Directions for this task:
Could you write out each entry exactly as it reads?
-------------------------
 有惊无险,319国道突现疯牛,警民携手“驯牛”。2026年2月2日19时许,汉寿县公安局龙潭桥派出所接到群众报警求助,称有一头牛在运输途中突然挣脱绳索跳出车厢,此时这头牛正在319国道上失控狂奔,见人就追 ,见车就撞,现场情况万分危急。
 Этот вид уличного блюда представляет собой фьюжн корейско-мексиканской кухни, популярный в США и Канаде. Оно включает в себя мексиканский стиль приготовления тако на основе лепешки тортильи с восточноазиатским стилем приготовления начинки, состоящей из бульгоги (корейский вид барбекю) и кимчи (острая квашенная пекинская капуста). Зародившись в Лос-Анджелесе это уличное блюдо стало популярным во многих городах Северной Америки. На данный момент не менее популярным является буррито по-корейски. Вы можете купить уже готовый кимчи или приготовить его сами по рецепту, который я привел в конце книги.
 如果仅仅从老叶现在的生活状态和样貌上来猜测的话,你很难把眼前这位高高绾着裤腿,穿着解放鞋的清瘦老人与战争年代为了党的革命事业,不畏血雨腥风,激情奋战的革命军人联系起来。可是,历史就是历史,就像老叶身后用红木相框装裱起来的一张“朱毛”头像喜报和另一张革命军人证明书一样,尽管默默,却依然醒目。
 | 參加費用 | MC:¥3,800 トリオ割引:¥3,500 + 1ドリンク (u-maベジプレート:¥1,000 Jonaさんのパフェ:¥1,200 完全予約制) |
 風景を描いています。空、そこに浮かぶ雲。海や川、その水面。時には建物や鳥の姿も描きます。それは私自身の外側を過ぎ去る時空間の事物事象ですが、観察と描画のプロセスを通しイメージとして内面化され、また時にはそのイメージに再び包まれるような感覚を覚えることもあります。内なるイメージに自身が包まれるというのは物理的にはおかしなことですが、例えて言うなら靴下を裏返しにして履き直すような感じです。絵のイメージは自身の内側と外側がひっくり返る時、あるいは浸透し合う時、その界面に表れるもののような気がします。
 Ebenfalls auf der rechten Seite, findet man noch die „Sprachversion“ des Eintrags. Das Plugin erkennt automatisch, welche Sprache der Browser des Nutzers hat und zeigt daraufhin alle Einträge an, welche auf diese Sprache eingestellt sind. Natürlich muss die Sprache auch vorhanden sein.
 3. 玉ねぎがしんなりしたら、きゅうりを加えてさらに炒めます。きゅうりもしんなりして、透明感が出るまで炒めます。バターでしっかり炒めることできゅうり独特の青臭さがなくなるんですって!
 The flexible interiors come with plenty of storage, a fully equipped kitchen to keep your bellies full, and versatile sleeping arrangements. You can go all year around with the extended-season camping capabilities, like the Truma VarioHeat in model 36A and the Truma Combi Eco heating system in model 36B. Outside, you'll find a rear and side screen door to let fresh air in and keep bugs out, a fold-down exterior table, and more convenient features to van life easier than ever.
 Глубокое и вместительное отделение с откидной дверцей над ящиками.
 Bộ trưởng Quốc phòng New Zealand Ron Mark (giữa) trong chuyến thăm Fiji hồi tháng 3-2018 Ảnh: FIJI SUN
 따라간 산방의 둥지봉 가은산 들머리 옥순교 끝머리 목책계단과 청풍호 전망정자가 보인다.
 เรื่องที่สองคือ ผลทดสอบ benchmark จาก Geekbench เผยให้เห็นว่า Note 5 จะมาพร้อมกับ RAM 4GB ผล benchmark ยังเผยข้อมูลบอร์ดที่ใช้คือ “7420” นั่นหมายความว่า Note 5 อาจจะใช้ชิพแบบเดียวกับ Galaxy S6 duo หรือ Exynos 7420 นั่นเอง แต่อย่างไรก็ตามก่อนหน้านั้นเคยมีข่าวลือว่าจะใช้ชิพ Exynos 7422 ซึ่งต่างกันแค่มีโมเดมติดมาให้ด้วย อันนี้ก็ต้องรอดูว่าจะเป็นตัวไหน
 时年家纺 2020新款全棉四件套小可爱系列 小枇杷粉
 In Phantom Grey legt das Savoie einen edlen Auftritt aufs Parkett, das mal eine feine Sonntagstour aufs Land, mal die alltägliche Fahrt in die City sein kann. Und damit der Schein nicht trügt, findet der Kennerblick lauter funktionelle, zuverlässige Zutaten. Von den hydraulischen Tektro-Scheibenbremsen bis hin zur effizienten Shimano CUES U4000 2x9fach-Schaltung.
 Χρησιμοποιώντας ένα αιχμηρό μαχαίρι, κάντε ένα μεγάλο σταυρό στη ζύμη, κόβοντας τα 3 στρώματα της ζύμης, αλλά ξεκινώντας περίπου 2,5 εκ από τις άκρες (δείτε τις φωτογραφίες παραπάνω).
-------------------------
Result for this task:
 有惊无险,319国道突现疯牛,警民携手“驯牛”。2026年2月2日19时许,汉寿县公安局龙潭桥派出所接到群众报警求助,称有一头牛在运输途中突然挣脱绳索跳出车厢,此时这头牛正在319国道上失控狂奔,见人就追 ,见车就撞,现场情况万分危急。
 Этот вид уличного блюда представляет собой фьюжн корейско-мексиканской кухни, популярный в США и Канаде. Оно включает в себя мексиканский стиль приготовления тако на основе лепешки тортильи с восточноазиатским стилем приготовления начинки, состоящей из бульгоги (корейский вид барбекю) и кимчи (острая квашенная пекинская капуста). Зародившись в Лос-Анджелесе это уличное блюдо стало популярным во многих городах Северной Америки. На данный момент не менее популярным является буррито по-корейски. Вы можете купить уже готовый кимчи или приготовить его сами по рецепту, который я привел в конце книги.
 如果仅仅从老叶现在的生活状态和样貌上来猜测的话,你很难把眼前这位高高绾着裤腿,穿着解放鞋的清瘦老人与战争年代为了党的革命事业,不畏血雨腥风,激情奋战的革命军人联系起来。可是,历史就是历史,就像老叶身后用红木相框装裱起来的一张“朱毛”头像喜报和另一张革命军人证明书一样,尽管默默,却依然醒目。
 | 參加費用 | MC:¥3,800 トリオ割引:¥3,500 + 1ドリンク (u-maベジプレート:¥1,000 Jonaさんのパフェ:¥1,200 完全予約制) |
 風景を描いています。空、そこに浮かぶ雲。海や川、その水面。時には建物や鳥の姿も描きます。それは私自身の外側を過ぎ去る時空間の事物事象ですが、観察と描画のプロセスを通しイメージとして内面化され、また時にはそのイメージに再び包まれるような感覚を覚えることもあります。内なるイメージに自身が包まれるというのは物理的にはおかしなことですが、例えて言うなら靴下を裏返しにして履き直すような感じです。絵のイメージは自身の内側と外側がひっくり返る時、あるいは浸透し合う時、その界面に表れるもののような気がします。
 Ebenfalls auf der rechten Seite, findet man noch die „Sprachversion“ des Eintrags. Das Plugin erkennt automatisch, welche Sprache der Browser des Nutzers hat und zeigt daraufhin alle Einträge an, welche auf diese Sprache eingestellt sind. Natürlich muss die Sprache auch vorhanden sein.
 3. 玉ねぎがしんなりしたら、きゅうりを加えてさらに炒めます。きゅうりもしんなりして、透明感が出るまで炒めます。バターでしっかり炒めることできゅうり独特の青臭さがなくなるんですって!
 The flexible interiors come with plenty of storage, a fully equipped kitchen to keep your bellies full, and versatile sleeping arrangements. You can go all year around with the extended-season camping capabilities, like the Truma VarioHeat in model 36A and the Truma Combi Eco heating system in model 36B. Outside, you'll find a rear and side screen door to let fresh air in and keep bugs out, a fold-down exterior table, and more convenient features to van life easier than ever.
 Глубокое и вместительное отделение с откидной дверцей над ящиками.
 Bộ trưởng Quốc phòng New Zealand Ron Mark (giữa) trong chuyến thăm Fiji hồi tháng 3-2018 Ảnh: FIJI SUN
 따라간 산방의 둥지봉 가은산 들머리 옥순교 끝머리 목책계단과 청풍호 전망정자가 보인다.
 เรื่องที่สองคือ ผลทดสอบ benchmark จาก Geekbench เผยให้เห็นว่า Note 5 จะมาพร้อมกับ RAM 4GB ผล benchmark ยังเผยข้อมูลบอร์ดที่ใช้คือ “7420” นั่นหมายความว่า Note 5 อาจจะใช้ชิพแบบเดียวกับ Galaxy S6 duo หรือ Exynos 7420 นั่นเอง แต่อย่างไรก็ตามก่อนหน้านั้นเคยมีข่าวลือว่าจะใช้ชิพ Exynos 7422 ซึ่งต่างกันแค่มีโมเดมติดมาให้ด้วย อันนี้ก็ต้องรอดูว่าจะเป็นตัวไหน
 时年家纺 2020新款全棉四件套小可爱系列 小枇杷粉
 In Phantom Grey legt das Savoie einen edlen Auftritt aufs Parkett, das mal eine feine Sonntagstour aufs Land, mal die alltägliche Fahrt in die City sein kann. Und damit der Schein nicht trügt, findet der Kennerblick lauter funktionelle, zuverlässige Zutaten. Von den hydraulischen Tektro-Scheibenbremsen bis hin zur effizienten Shimano CUES U4000 2x9fach-Schaltung.
 Χρησιμοποιώντας ένα αιχμηρό μαχαίρι, κάντε ένα μεγάλο σταυρό στη ζύμη, κόβοντας τα 3 στρώματα της ζύμης, αλλά ξεκινώντας περίπου 2,5 εκ από τις άκρες (δείτε τις φωτογραφίες παραπάνω).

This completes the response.